Directions ▸
All lines from the one containing "Na dnu naprave" to the end of the listing below should be output exactly; omit the pictures.

The data ▸

-=-=-=-=-

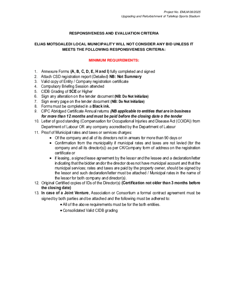 Project No. ELM 08/2025 Upgrading and Refurbishment of Tabletop Sports StadiumRESPONSIVENESS AND EVALUATION CRITERIA ELIAS MOTSOALEDI LOCAL MUNICIPALITY WILL NOT CONSIDER ANY BID UNLESS IT MEETS THE
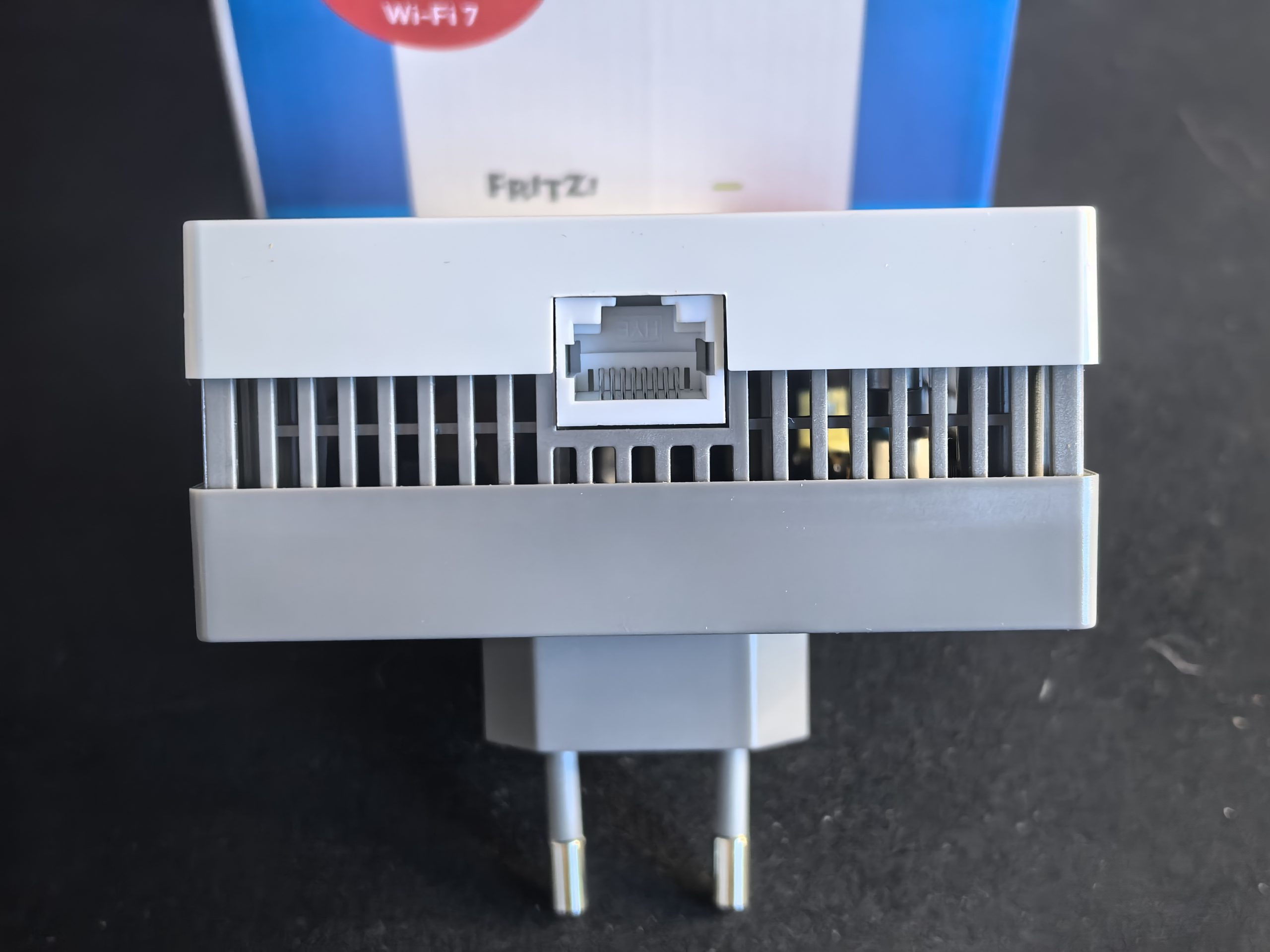 Na dnu naprave se skriva en gigabitni LAN priključek. Ta je ključen za dva scenarija: ali želite nanj s kablom povezati napravo, ki nima Wi-Fi modula (na primer starejšo igralno konzolo ali pametni TV), ali pa želite ojačevalnik s hišnim usmerjevalnikom povezati preko LAN kabla (način LAN Bridge), kar zagotavlja maksimalne hitrosti brez izgub zaradi razdalje. Ko ga priklopiš ob FRITZ!Box 5690 Pro, se nastavitev zgodi praktično sama. En klik na WPS in repetitor prevzame vse nastavitve omrežja. SSID ostane enak, geslo prav tako. To je prednost, če kupuješ znotraj istega ekosistema.
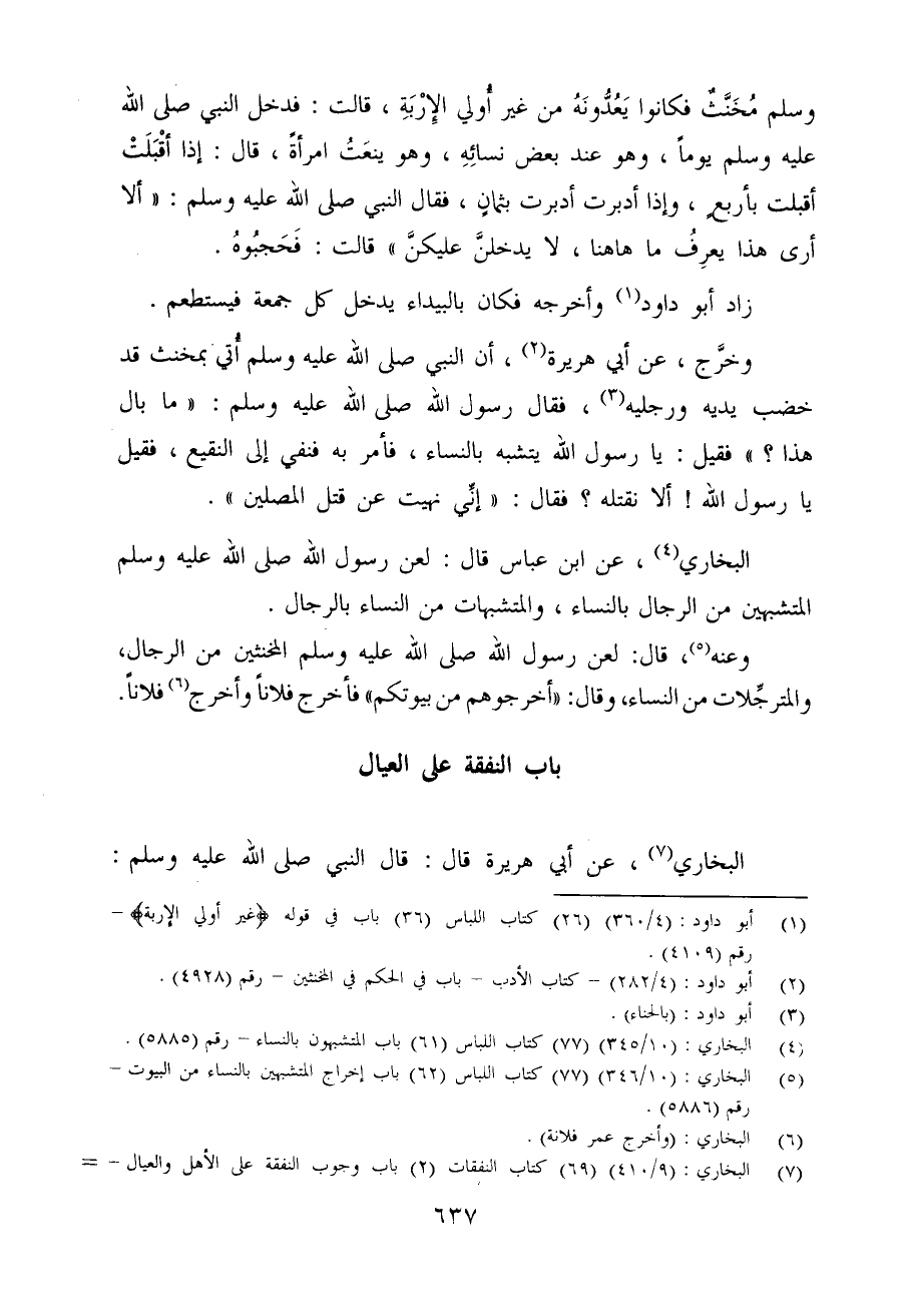 (¬4) البخاري: (10/ 345) (77) كتاب اللباس (61) باب المتشبهون بالنساء - رقم (5885).

-=-=-=-=-

Task result ▸
 Na dnu naprave se skriva en gigabitni LAN priključek. Ta je ključen za dva scenarija: ali želite nanj s kablom povezati napravo, ki nima Wi-Fi modula (na primer starejšo igralno konzolo ali pametni TV), ali pa želite ojačevalnik s hišnim usmerjevalnikom povezati preko LAN kabla (način LAN Bridge), kar zagotavlja maksimalne hitrosti brez izgub zaradi razdalje. Ko ga priklopiš ob FRITZ!Box 5690 Pro, se nastavitev zgodi praktično sama. En klik na WPS in repetitor prevzame vse nastavitve omrežja. SSID ostane enak, geslo prav tako. To je prednost, če kupuješ znotraj istega ekosistema.
 (¬4) البخاري: (10/ 345) (77) كتاب اللباس (61) باب المتشبهون بالنساء - رقم (5885).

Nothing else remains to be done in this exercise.